Weight gain after big losses? I know that this is a loaded topic but hey! I’m not gonna sugar coat it! It’s a huge topic in the weight loss world. The crazy thing is this is something that during those “glory days” after my 85 pound loss that I mistakenly told myself I’d never face. CRAZY!
As I started my journey I looked up to a lot of folks in the “weight loss world.” People like the Biggest Loser Contestants I watched on television every week, fitness and weight loss bloggers, people I knew in the running community that experienced a weight transformation and of course the before /after pages on Pinterest. I know! Its silly. But I had never experienced a transformation for myself and I wanted to see what it looked like from wherever I could find it. I wanted to see loose skin, flat abs, meal preps, smaller clothes, crazy workouts! All of it!
What I discovered over and over was that people did gain some amount of weight back eventually, but it varied. Some slid back to the beginning and others didn’t. The thing is it never phased me to wonder why there was so many variances in between but after a year of business building and working as a night shift nurse (my other career) I was smacked directly in the thighs with my weight gain. I can’t say that I was surprised but it was still hard to swallow seeing picks from a few months prior where I was in my fittest shape.
So Now What???
Well, after a good dose of self pity, I realized that there is no true finish line! I realized that my weight loss idols experienced this too and lived through it (insert some reality talk to myself) so I picked myself up by my yoga pants and got back to work. Back to working towards my healthiest self! In every sense of the word. Back to meal prepping, meditation, drinking lots of water, lifting weights and running again. Back to all the things that make me feel like the best woman, boss babe, wife, friend, nurse and human I can be. The rest I give to GOD. I truly can’t control it all and neither can you! I invite you to take a step with me in the right direction without judgement of where we are now.

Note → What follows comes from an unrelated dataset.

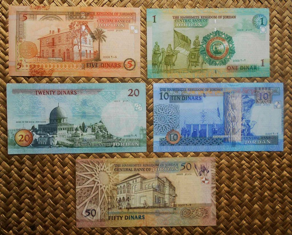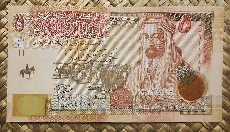 El billete de 5 dinares Jordania de 2009 nos ofrece en su anverso al rey Abdala I (emir de Transjordania entre 1923 y 1946 y rey de Jordania entre 1946 y 1951); a su derecha una moneda de oro de Hejaz y de fondo una parada militar en pleno desierto. Para el reverso el Palacio de Ma’an (modesto edificio que fuera usado por el rey Addala I en el nuevo Reino hachemita de Jordania).

It really helps when I try to think of my transformational work (ex. all the stuff mentioned above that impacts my well being) as a way to LOVE myself. Not to hate the body or shape I have and not to stay where I’m at either! Just a true place of love and gentleness. Let me tell ya some days its hard as HELL to do it and sometimes I feel like its a breeze. Either way its all part of this beautiful mess called Transformation and I wouldn’t want it any other way.